A single question about a type tracker, otherwise this looks good 👍

yoff · 2021-06-10T09:30:18Z

python/ql/src/semmle/python/dataflow/new/SensitiveDataSources.qll

+    SensitiveFunctionCall() {
+      this.getFunction() = sensitiveFunction(classification)
+      or
+      nameIndicatesSensitiveData(this.getFunction().asCfgNode().(NameNode).getId(), classification)


I suppose this is to cover functions for which we do not have a definition?
Should this case not be added to be base of the type tracker instead?

I suppose this is to cover functions for which we do not have a definition?

Yep 👍

Should this case not be added to be base of the type tracker instead?

That would make it more powerful than this syntactic approach. Then you would be able to handle ref = getPassword; ref() where we don't have a definition for getPassword, but you would not be able to handle ref = foo.getPassword; ref() 😞

So this got me started thinking of how to handle this properly, and what things we currently wouldn't handle. See c341643 and ea0c1d7

yoff · 2021-06-10T10:03:14Z

python/ql/src/semmle/python/dataflow/new/SensitiveDataSources.qll

+   * Note: We _could_ make any access to a variable with a sensitive name a source of
+   * sensitive data, but to make path explanations in data-flow/taint-tracking good,
+   * we don't want that, since it works against allowing users to understand the flow
+   * in the program (which is the whole point).
+   *
+   * Note: To make data-flow/taint-tracking work, the expression that is _assigned_ to
+   * the variable is marked as the source (as compared to marking the variable as the
+   * source).


Good point.

The comment about imports was placed wrong. I also realized we didn't even have a single test-case for `this.(DataFlow::AttrRead).getAttributeNameExpr() = sensitiveLookupStringConst(classification)` so I added that (notice that this is only `getattr(foo, x)` and not `getattr(foo, "password")`)

This will enable better tests in just one second

This solution was the best I could come up with, but it _is_ a bit brittle since you need to remember to add this additional taint step to any configuration that relies on sensitive data sources... I don't see an easy way around this though :|

yoff

One concern, which may prompt a performance check. I like that you try to solve the problem of error reporting up front.

yoff · 2021-06-11T11:09:26Z

python/ql/src/semmle/python/dataflow/new/SensitiveDataSources.qll

+  predicate extraStepForCalls(DataFlow::Node nodeFrom, DataFlow::CallCfgNode nodeTo) {
+    nodeTo.getFunction() = nodeFrom
+  }


Can we not restrict nodeFrom here? (say, in the manner you describe above). It seems to be adding a lot of edges otherwise...

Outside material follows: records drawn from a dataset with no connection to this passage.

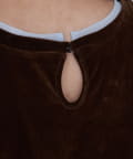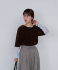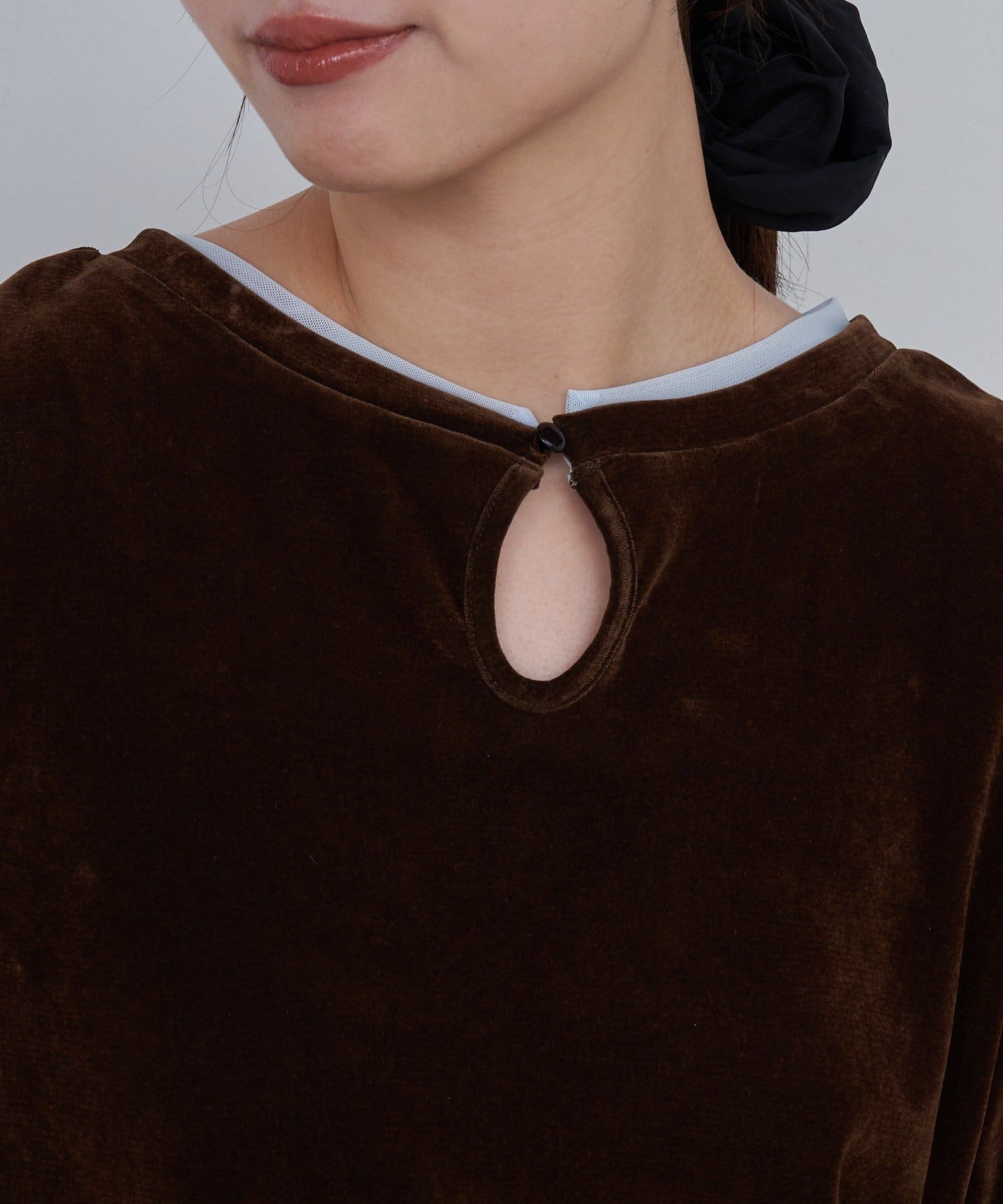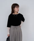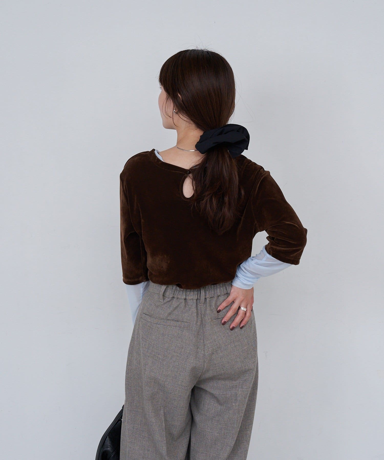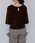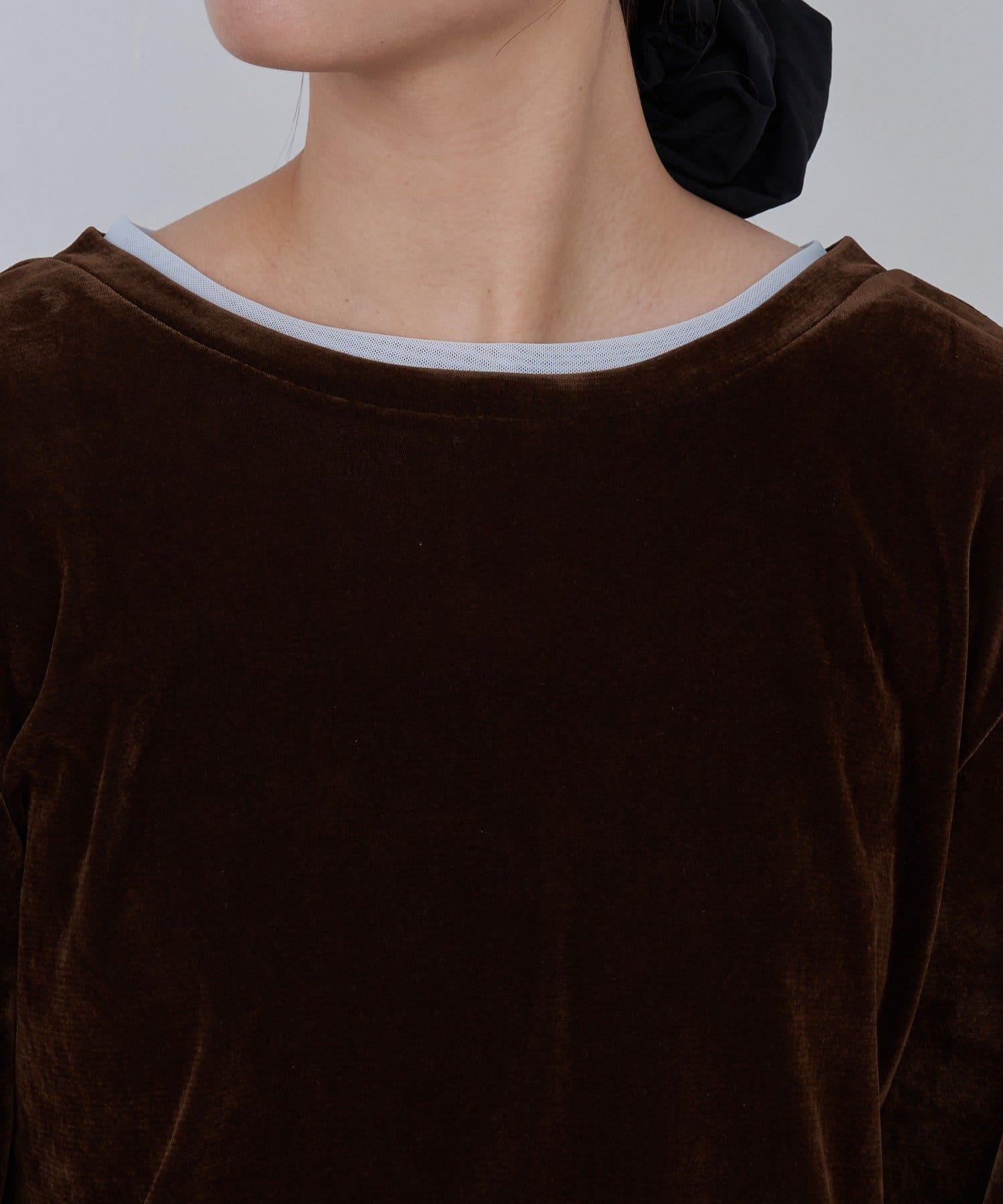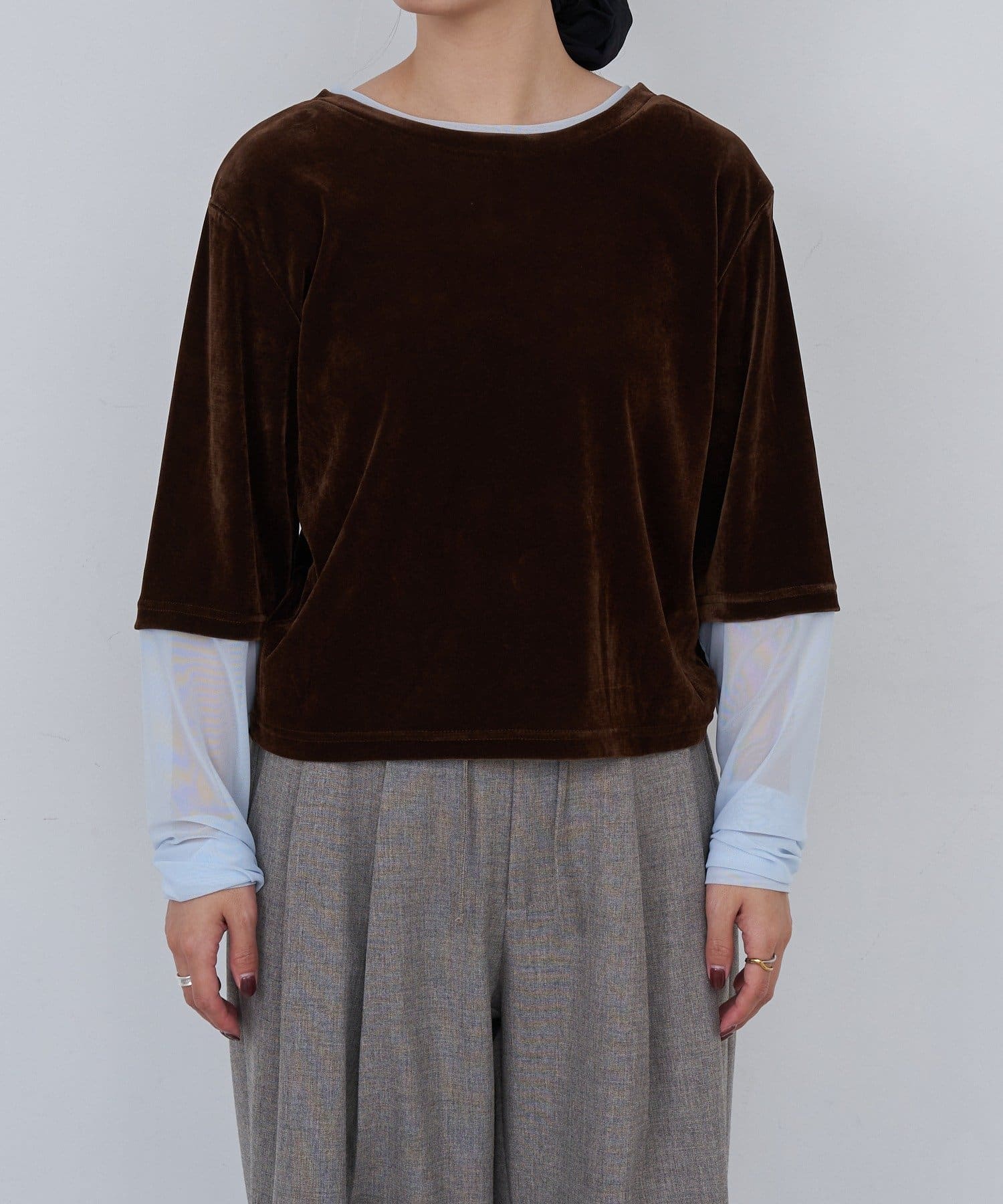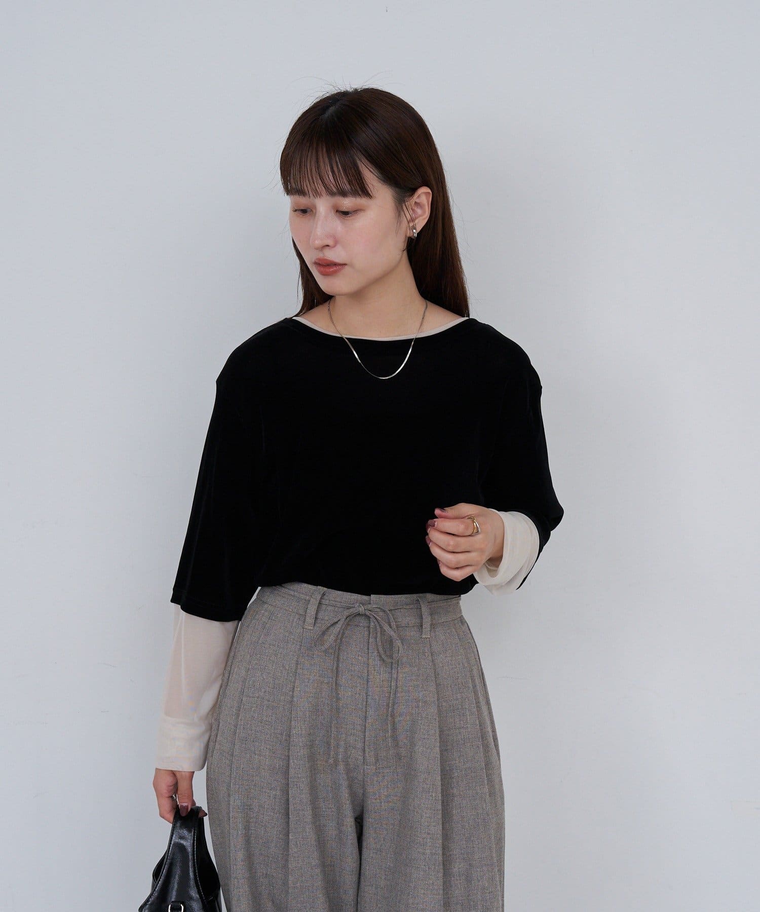 まるでレイヤードしているかのようなデザインが目を引く、ベロア素材のトップス。
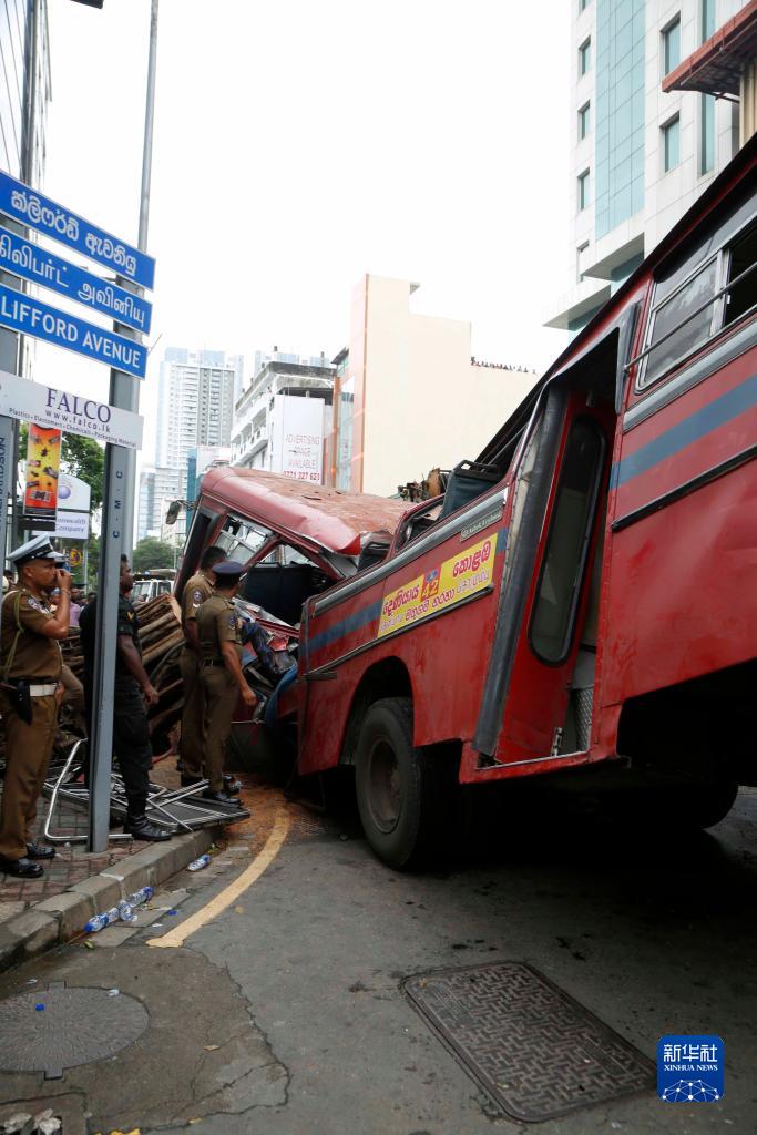 這是10月6日在斯里蘭卡科倫坡拍攝的公交車(chē)被砸事故現場(chǎng)。
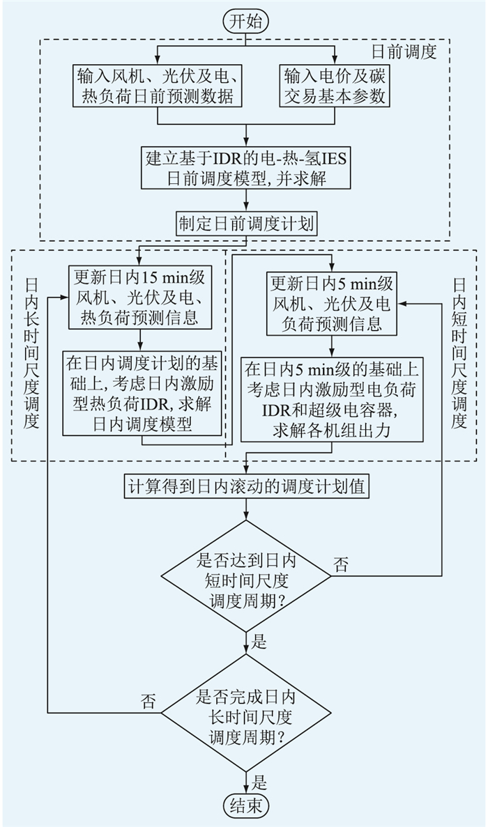 具体步骤如下。步骤1:输入初始数据。步骤2:建立电-热-氢各能源设备模型和需求响应模型。步骤3:基于日前电、热IDR,以IES日前综合成本最低为目标,制定24 h的日前机组出力计划以及用能计划。步骤4:依据日前计划,以15 min为时间尺度,在日内时段,根据日内更新的风电、光伏的出力以及负荷等预测信息,以日内长时间尺度内运行成本最低为目标,通过调整各设备出力和激励型热负荷需求响应平抑各能源功率波动。步骤5:短时间尺度调整与长时间尺度嵌套执行,只在每个5 min开始时,根据日内5 min级的预测信息,通过调整购电功率、引入超级电容器和激励型电负荷需求响应进一步对时长较短的电功率波动进行平抑,确定调整后的最终调度计划值。

Aha! Good point. This predicate will end up being quite big. I guess we could use the type-tracking approach to restrict nodeFrom here 👍

Now there is a path from the _imports_ of the functions that would return sensitive data, so we produce more alerts. I'm not entirely happy about this "double reporting", but I'm not sure how to get around it without either: 1. disabling the extra taint-step for calls. Not ideal since we would loose good sources. 2. disabling the extra sources based on function name. Not ideal since we would loose good sources. 3. disabling the extra sources based on function name, for those calls that would be handled with the extra taint-step for calls. Not ideal since that would require running the data-flow query initially to prune these out :| So for now, I think the best approach is to accept some risk on this, and ship to learn :)

RasmusWL · 2021-06-11T12:04:57Z

New results from last commit will look like:

I've added some reasoning to dee9378 on why I think this is still an OK approach, although I'm not super happy about it. If you have other ideas, please do tell 😊

On django/django, this reduced the number of results in `extraStepForCalls` from 201,283 to 541

RasmusWL · 2021-06-14T13:11:13Z

I think it would be good to do a small performance tests... I'll start one soon 👍 EDIT: follow along at https://github.com/dsp-testing/RasmusWL-dca/issues/20

RasmusWL · 2021-06-15T11:17:52Z

Evaluation looks good 👍

yoff

LGTM, thanks for limiting the for step and for the performance check. I do not really have a good solution for the double reporting, I think we just need to accept for now that we have multiple reasons for flagging certain results.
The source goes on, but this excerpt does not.